Mplfinance Time Axis Concerns, and Internals of Displaying or Not Displaying Non Trading periods

Daniel Goldfarb edited this page Apr 1, 2022 · 8 revisions

Who should read this article:

In this article we describe internal workings of the time axis (the x-axis) when plotting Time-Series data in general, and Financial Markets Data in particular.

This information is not necessary for most mplfinance users. The user simply provides Pandas Timestamps, or python datetimes, or strings representing a date or datetime, and mplfinance handles the rest.

However, this article is important for mplfinance users who directly access the mplfinance Axes objects in a way that requires use of the x-axis.

As a reminder, direct access of mplfinance Axes objects is discouraged. Doing so will always require more code (see below). There are cases, however, where accessing Axes is necessary. Presently, there an enhancement underway to make it much less necessary. In the meantime, this article can provide a better understanding of time axis, in order to help those users who must directly access the mplfinance Axes objects in a way that requires use of the x-axis.
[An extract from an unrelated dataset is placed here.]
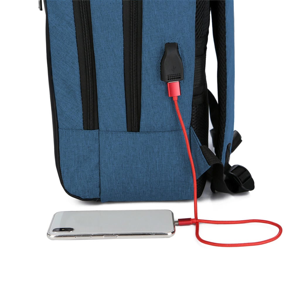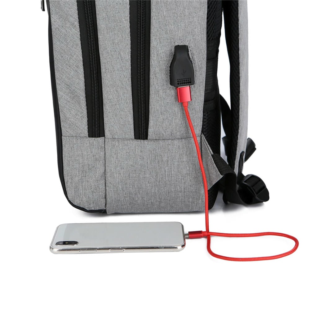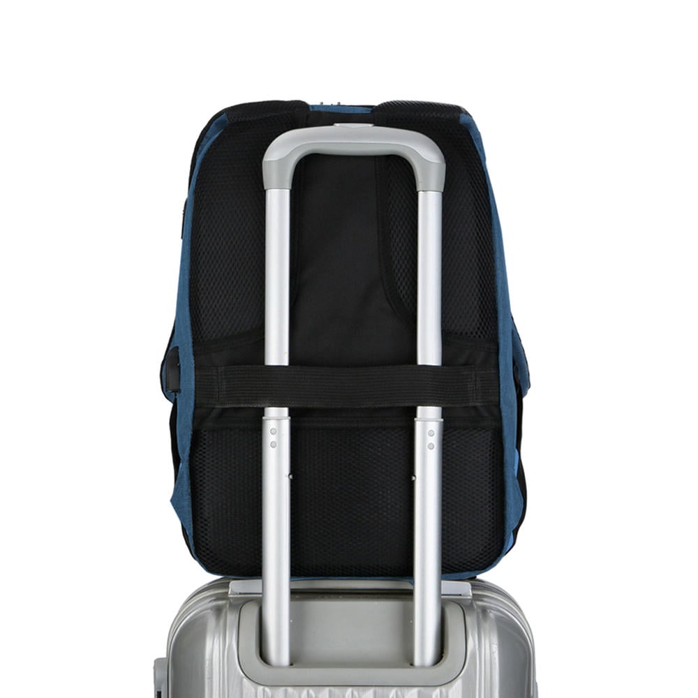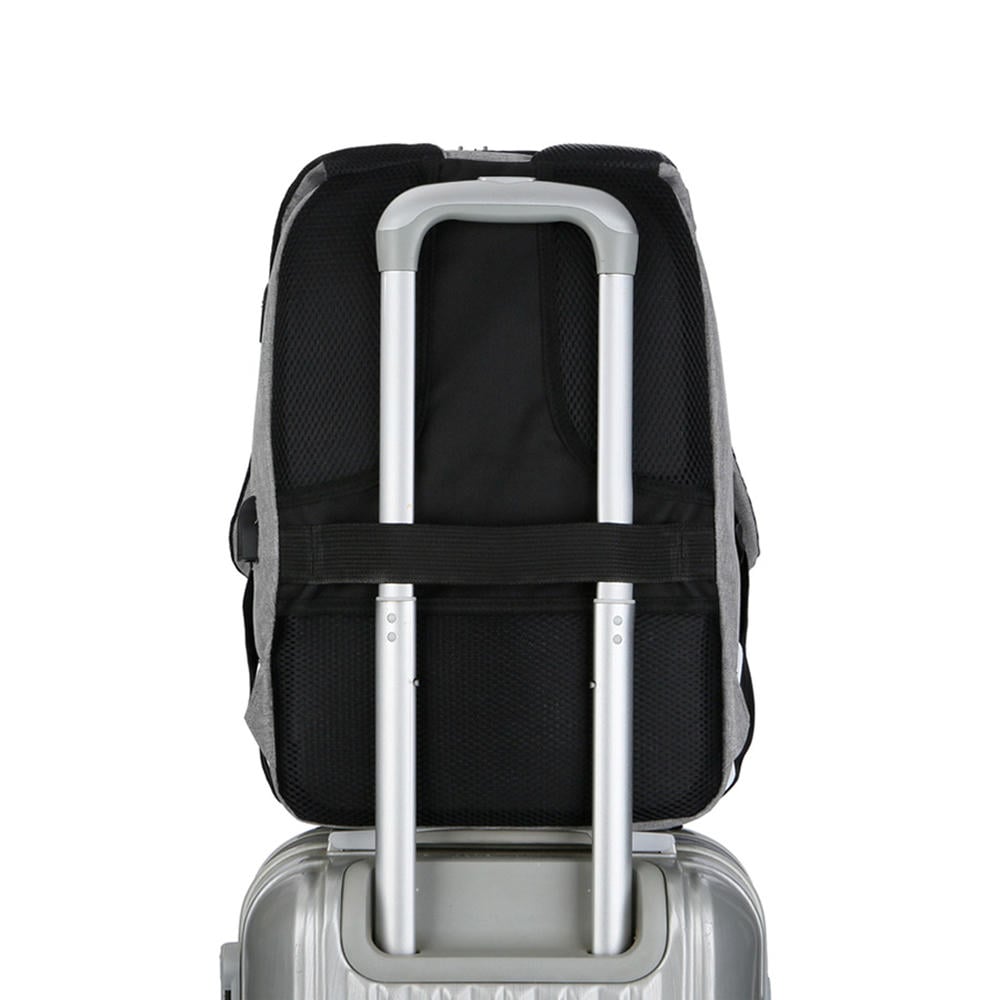 Сбоку USB-разъём с проводом для подключения внешнего аккумулятора и накладка с прорезью для наушников. 3D-сетка на подкладке плечевых ремней и накладка задней стенки предотвращает скольжение и обеспечивает дополнительную вентиляцию и комфорт при контакте с кожей и одеждой. Двойное уплотнение анатомических накладок на задней стенке распределяет вес рюкзака и снижает нагрузку на позвоночник. Специальная накладка для чемодана на задней стенке делает этот рюкзак незаменимым спутником для путешествий. Уплотнённые плечевые ремни регулируются по длине и имеют один небольшой дополнительный открытый карман для карт, ключей и прочих мелочей.

Mplfinance and the Matplotlib Time Axis:

The first thing to understand is that Matplotlib datetimes are not the same as Pandas Timestamps nor python datetimes (which in turn are also different from each other). Although it is relatively simple to convert from one to the other, mplfinance does this conversion for you. Users should not have to worry or think about matplotlib datetimes.

In such cases users must be aware that the x-axis data may be matplotlib datetimes and that they may have to convert their own data.

  • Notice that we said may be matplotlib datetimes: There is another wrinkle the requires mplfinance to internally deal with yet another representation or mapping of datetimes.

Market Data and the Time Axis:

Financial Market Data (that one can obtain from any number of market data sources) typical does not include rows for periods when the market was closed. For example, daily data will not include data rows for weekends. Hourly data, or minute-by-minute data, for more than one day, will not include data rows for nighttime hours when the market is closed.


For example, some daily data might look like this:

Notice that there are no rows for 03/19/2022 and 03/20/2022:

Date Open High Low Close
03/23/2022 446.9100 448.4900 443.7100 443.8000
03/22/2022 445.8600 450.5800 445.8600 449.5900
03/21/2022 444.3400 446.4600 440.6800 444.3900
03/18/2022 438.0000 444.8600 437.2200 444.5200
03/17/2022 433.5900 441.0700 433.1900 441.0700

Similarly, the following minute-by-minute data set

contains no data from the market close at 16:00 on 3/29 until the market open at 09:30 on 3/30:

DateTime Open High Low Close
03/30 09:33 460.6900 460.8299 460.6000 460.6700
03/30 09:32 460.6250 460.7900 460.5700 460.6700
03/30 09:31 460.6858 460.7300 460.5400 460.6250
03/30 09:30 460.3400 460.7300 460.2900 460.6800
03/29 15:59 461.2900 461.6200 461.1100 461.5300
03/29 15:58 461.2500 461.4100 461.2300 461.3000
03/29 15:57 461.0850 461.2900 460.9200 461.2500
03/29 15:56 461.0550 461.1500 461.0400 461.0900

When we tell Matplotlib that the x-axis is time, Matplotlib assumes the time axis as continuous (a reasonable assumption).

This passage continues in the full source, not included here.